Let's Express

MEMORIES OF EVIL

There I was absentmindedly scanning the digital press last month when an article jumped out at me.

"The man behind the 1985 bombing of a 747 off the coast of Cork has been freed," the headline roared at me. "The only person convicted in the 1985 Air India bombings that killed 329 people is now free, Canada’s parole board said today." and the Journal ran with it. Three hundred and twenty-nine poor souls died in that terrorist atrocity including some entire families. I remember it all so vividly even now thirty-two years later.

At the time I ran a "Marine Laundry and Chandlery Service" to the Port of Cork and I was just back in the laundry after my early morning rounds of the harbour area when the phone rang. "I suppose you heard," the ship's agent said. I hadn't so he filled me in including news that the Canadian Coast Guard were dispatching a search and rescue vessel called, "The John Cabot," (seen here)to assist in whatever needed to be done. The Air India Jumbo had taken off from Canada for London en route to Delhi. Its flight path took it offshore Southern Ireland for the approaches to Heathrow.

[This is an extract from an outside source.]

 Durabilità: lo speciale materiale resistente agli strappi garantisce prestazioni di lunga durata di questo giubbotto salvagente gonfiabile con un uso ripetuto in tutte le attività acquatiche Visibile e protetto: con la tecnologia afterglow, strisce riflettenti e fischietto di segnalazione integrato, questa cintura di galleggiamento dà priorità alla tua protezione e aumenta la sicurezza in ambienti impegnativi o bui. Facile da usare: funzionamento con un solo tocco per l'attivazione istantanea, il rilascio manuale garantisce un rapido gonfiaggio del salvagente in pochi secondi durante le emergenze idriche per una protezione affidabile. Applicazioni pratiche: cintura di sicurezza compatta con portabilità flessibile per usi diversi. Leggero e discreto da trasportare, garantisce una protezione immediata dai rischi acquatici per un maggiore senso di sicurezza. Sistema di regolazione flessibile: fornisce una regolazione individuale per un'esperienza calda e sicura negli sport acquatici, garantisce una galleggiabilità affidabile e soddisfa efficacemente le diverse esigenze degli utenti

So this messed up fucker, Inderjit Singh Reyat, sees it in his heart to anonymously place a bomb onboard and kill all of those innocent people and today he's walking around a free man and those 329 poor souls are resting at the bottom of the Celtic Sea. I was awarded the contract to supply the John Cabot for the duration and it was a long duration at that. The big crew meant huge bags of laundry for one side of my business and many mouths to feed for the other. The ship kept me very busy for a long time and the resultant profits should have made me happy. But it was like blood money, if you can understand that. Given a choice I would have preferred those people reach their destinations a million times over rather than me ending up servicing their clean-up mission.

I did speak to some crew members about they things they saw and found because the ship was tasked with gathering up as much of the plane and the people as it could. It was harrowing for them and gruesome to listen to. My own Mother died that year  so all the way around, 1985 was a shitty year for this twenty-nine year old bloke aback then. But I remembered this February 2017 as the Journal reminded me of the many thoughts I had at night alone in the apartment I lived in during 1985. 

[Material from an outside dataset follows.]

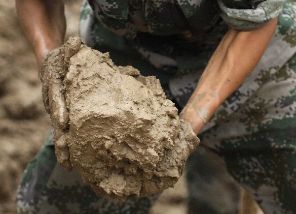 舟曲災(zāi)區(qū)特寫:戰(zhàn)士的手

My first cousin in Northern Ireland had previously been the victim of a kidnapping that included three days of torture at the hands of Loyalist terrorists before they pumped seven bullets into his head and dumped his naked body by a roadside. It proved nothing but the savage ignorance of those involved. I went up for the funeral and it was all so mind-numbingly sad and pointless. There was a general strike called the "Ulster Workers Strike" on at the time and Michael couldn't catch his usual bus back to Belfast University, so he hitched and wasn't seen for a few days. The coolish RUC explained that he was a catholic in the wrong place. 

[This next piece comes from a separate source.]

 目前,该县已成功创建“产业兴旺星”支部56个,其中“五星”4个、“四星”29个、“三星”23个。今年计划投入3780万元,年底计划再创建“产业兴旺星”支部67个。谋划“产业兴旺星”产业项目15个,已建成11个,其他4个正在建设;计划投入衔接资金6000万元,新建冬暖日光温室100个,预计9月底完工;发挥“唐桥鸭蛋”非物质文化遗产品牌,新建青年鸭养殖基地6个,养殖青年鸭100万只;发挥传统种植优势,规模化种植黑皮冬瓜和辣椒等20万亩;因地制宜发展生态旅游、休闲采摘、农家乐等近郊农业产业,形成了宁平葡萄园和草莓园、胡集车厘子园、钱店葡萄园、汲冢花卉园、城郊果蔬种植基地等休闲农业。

And I thought, "Why?" I thought the same thing in 1985 when the bomber struck Flight 185. I stood at the memorial to them once near Sheep's Head and looked out over the angry sea at the burial spot. The fucker responsible had still not be charged but I remember hoping they'd publicly burn the bastard. Is that the true purpose of terrorism? Do those with a deep hatred in their hearts want to bring the rest of us down to their level? Would it make them happy if we in turn murdered their loved ones? It's a pertinent thought today as American bombs create more terrorists in the Middle East. 

In the end though I confess to being baffled by human nature. Perhaps I'm naive or just an idealist but for me, life is about making the most of what you have to create a modicum of happiness around you, which in turn makes you happy. I will never understand the minds that killed Michael nor the motivation  of an individual to plant a bomb. I can understand taking up a gun when you are under fire but that is self-defense. Ruthlessly murdering 329 strangers is beyond my comprehension. 

And it is depressing even writing about it all those years later.